Variance
The range
looks only at the two most extreme values. Variance does something far more
honest: it asks how far every data point sits from the
mean, and averages
those distances. It is the workhorse measure of spread.
For data x_1, x_2, \dots, x_n with mean \bar{x}:
\sigma^2 = \frac{1}{n}\sum_{i=1}^{n}\left(x_i - \bar{x}\right)^2.
Each term (x_i - \bar{x}) is a deviation — how far
that one point strays from the centre. Variance is the average squared
deviation.
Why square? Because raw deviations cancel
It is tempting to just average the deviations themselves. But that always gives zero — the
mean sits exactly at the balance point, so the points below it cancel the points above:
\sum_{i=1}^{n}\left(x_i - \bar{x}\right) = 0 \quad\text{always.}
Squaring fixes the sign: a deviation of -3 and one
of +3 both contribute 9 instead of
cancelling. Squaring also punishes big misses — a point twice as far away
contributes four times as much — so variance is especially sensitive to far-flung values.
See it: variance is the average square
The five points share a mean of 7 (the dashed line). Above each
point sits a square whose side is that point's distance from the mean, so its
area is the squared deviation (x_i - \bar{x})^2. Drag the
slider to spread the points out: the squares grow, and the reported variance — their average
area — climbs with them.
Notice the point sitting on the mean has a square of side zero: it adds nothing. Only
distance from the centre counts.
The units are squared too
Because we squared the deviations, the variance carries squared units. If the
data are heights in centimetres, the variance is in \text{cm}^2 — a
slightly awkward quantity to interpret. That single inconvenience is exactly what the
standard
deviation is built to repair.
- Variance is the average squared deviation from the mean: \sigma^2 = \dfrac{1}{n}\sum (x_i - \bar{x})^2.

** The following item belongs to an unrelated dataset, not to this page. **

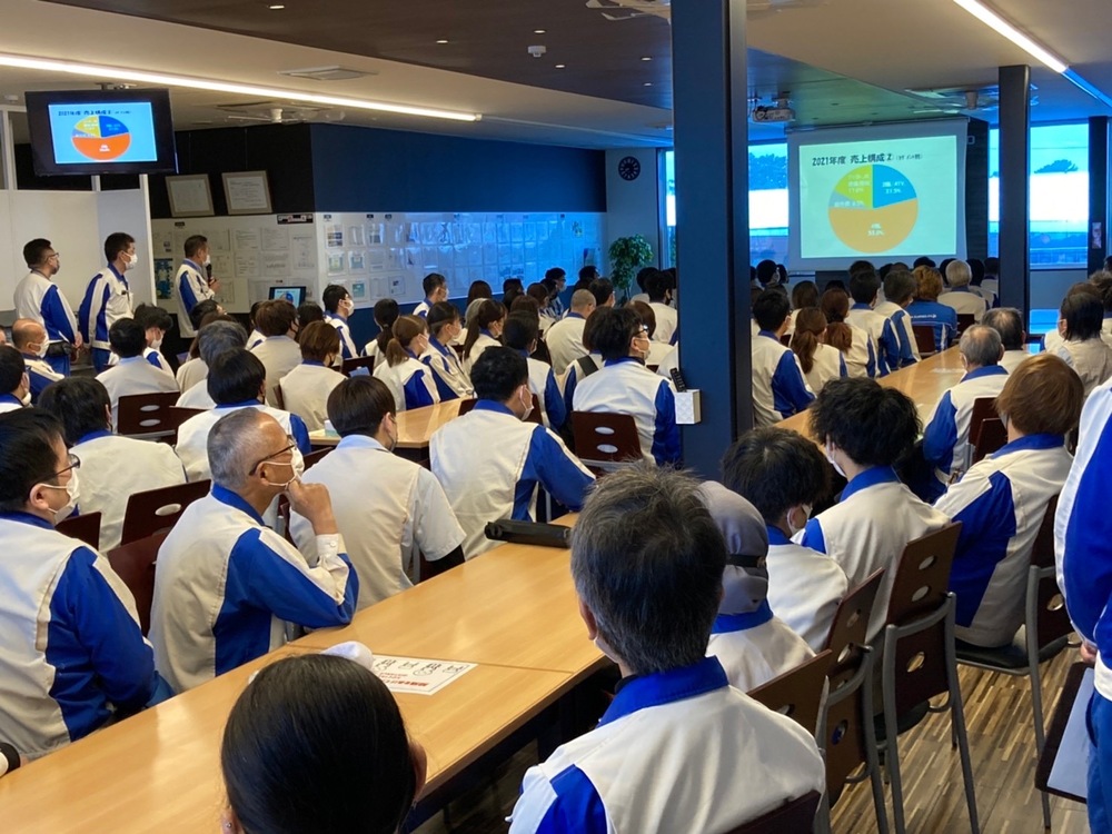 3月度の全体朝礼は「蔓延防止措置」期間中で実施しませんでしたので、全体で集合するのは久しぶりとなります。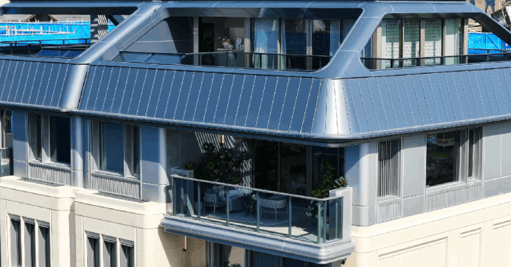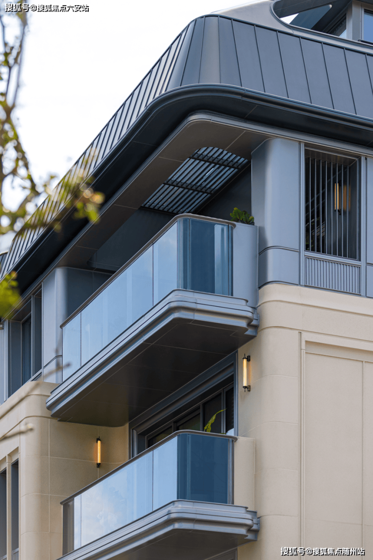 建筑立面选用欧洲莱姆石基座与景泰蓝奢石线条,融合新艺术曲线与摩登海派元素,打破豪宅同质化。

- Raw deviations always sum to zero; squaring removes the sign so they no longer cancel, and makes large deviations count disproportionately.
- Its units are the square of the data's units — the reason the standard deviation takes a square root.
- A larger variance means the data are more spread out around the mean; a variance of 0 means every value equals the mean.